JUSTIZ Amtsgericht verurteilt Pflegerin zu einer Geldstrafe. Sie hatte eine Demenzkranke gezwungen, den Boden zu wischen

Als Christiane Ha. kurz vor ihrem Prozess den Sitzungssaal verlassen will, bittet sie den Gerichtsfotografen schelmisch lächelnd: „Aber keine Fotos!“ Ihr Charme nützt ihr nichts, denn seit Kurzem ist es auch im Amtsgericht Tiergarten üblich, dass sich Gericht und Angeklagte vor dem Prozess ablichten lassen müssen. Der fülligen Frau bleibt nichts anderes übrig, als ihr Gesicht in ihren Händen zu verbergen.

Doch eher müsste man diese über dem Kopf zusammenschlagen, wenn man hört, was der 49-Jährigen vorgeworfen wird. Sie soll vor einem Jahr die depressive, demenzkranke Frau Hi. mit körperlicher Gewalt gezwungen haben, den Boden zu wischen. Eine überforderte Frau als systembedingte Erscheinung des Pflegenotstandes?

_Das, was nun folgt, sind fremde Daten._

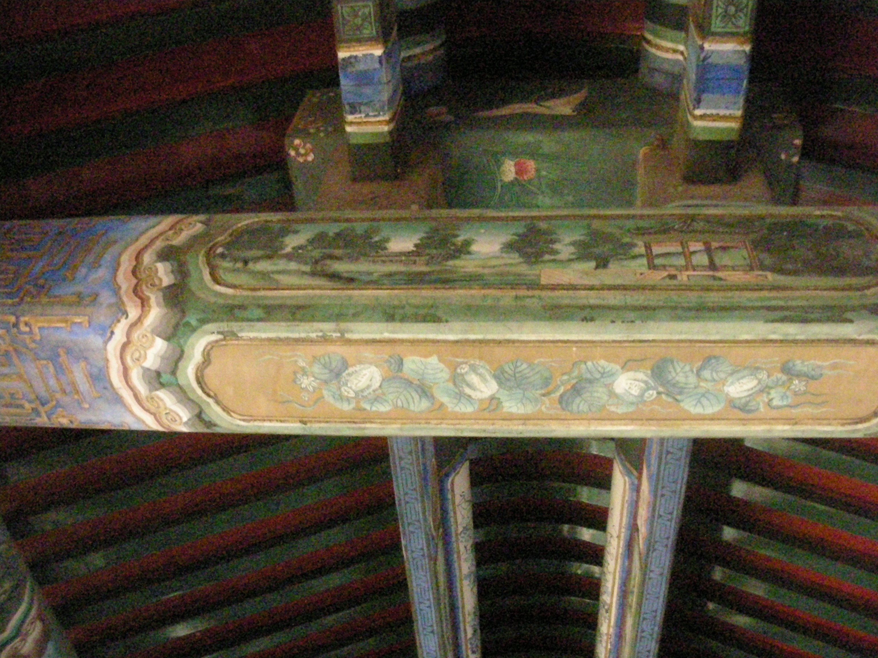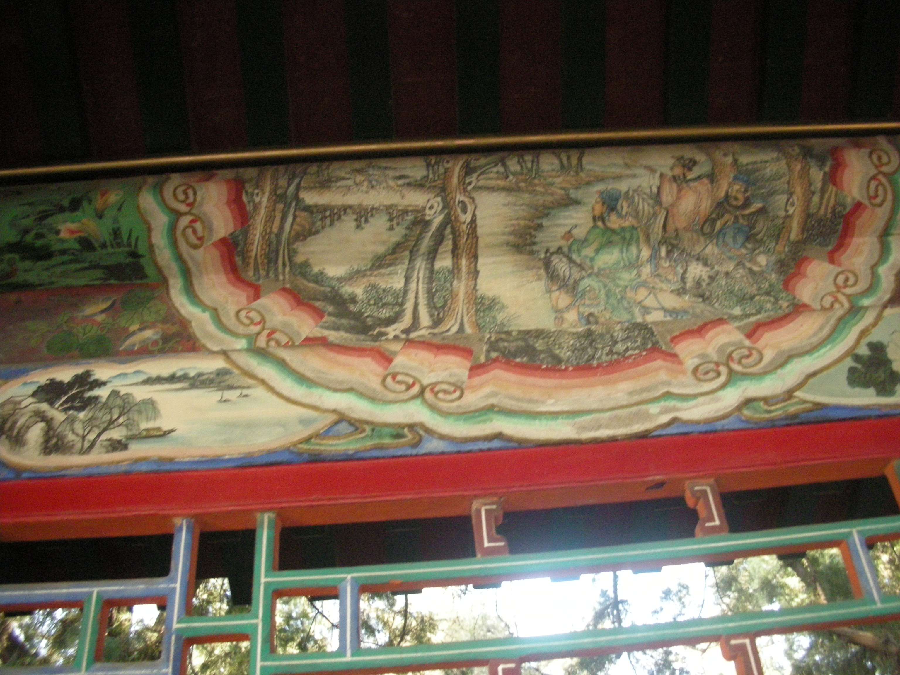 (西太后が光緒帝を軟禁していた場所と言われている「玉瀾堂」の壁画。)

Auf der Suche nach einer Antwort erkundigt sich die Richterin zuerst nach der Patientin. „Tja“, sagt Christiane Ha. mit tiefer Raucherstimme. „Frau Hi. läuft nebenbei. Es kümmert sich keiner um sie.“ Um dennoch die Aufmerksamkeit des Personals zu erhalten, würde sich ihr ehemaliger Schützling allerlei einfallen lassen: Sie entleere sich auf dem Boden oder schütte mutwillig ihr Getränk in die Gesichter der Pflegekräfte. „Ich habe da jeden Tag so viel abbekommen …“, meint die Angeklagte.

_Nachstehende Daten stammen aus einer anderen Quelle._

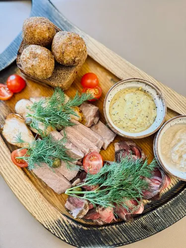 Нарезка из ростбифа, буженины, куриной грудки и трюфеля из сала. Подается с хреном и ржаными тостами.

An jenem Freitag versorgte sie mit einer Praktikantin die zwölf Pflegebedürftigen einer Neuköllner Wohngemeinschaft. Die Praktikantin habe gerade mit ihrer Mutter Kaffee getrunken. Christiane Ha. habe sich in dieser halben Stunde allein um die Bewohner gekümmert, als Frau Hi. mutwillig ihr Getränk umkippte. „Okay, Frau Hi., jetzt wischen Sie das mal weg!“, habe sie zu der Verursacherin gesagt und ihr einen Wischmob in die Hand gedrückt. Das entspräche den Anweisungen der Pflegedienstleitung. „Sind die Bewohner körperlich dazu überhaupt in der Lage“, wundert sich die Richterin. „Ja“, antwortet die Angeklagte. „Die räumen auch den Einkauf ein und die Spülmaschine aus.“

Die Fotos von den Hämatomen der Bewohnerin und die Aussage der ehemaligen Praktikantin widersprechen dieser Darstellung: Zwar habe sie an diesem Tag Besuch von ihrer Mutter bekommen, sagt sie. Die Mutter war jedoch schon vor dem Vorfall wieder gegangen. „Frau Hi. war übel drauf. Sie versuchte, meine Kollegin ins Gesicht zu kneifen. Ha. kniff daraufhin die Patientin und fragte sie, ob es wehtue.“ Bei von den Bewohnern verschmutzten Böden sollen die Betreuer fragen, ob es der Patient wegwischen könne. „Wenn der nicht will, müssen wir das tun.“ Als Hi. sich weigerte, habe die Angeklagte die Frau immer wieder hochgezogen und ihr den Mob in die Hand gedrückt. Die Demente schlug damit nach ihrer Betreuerin, die ihr daraufhin in die Wade trat.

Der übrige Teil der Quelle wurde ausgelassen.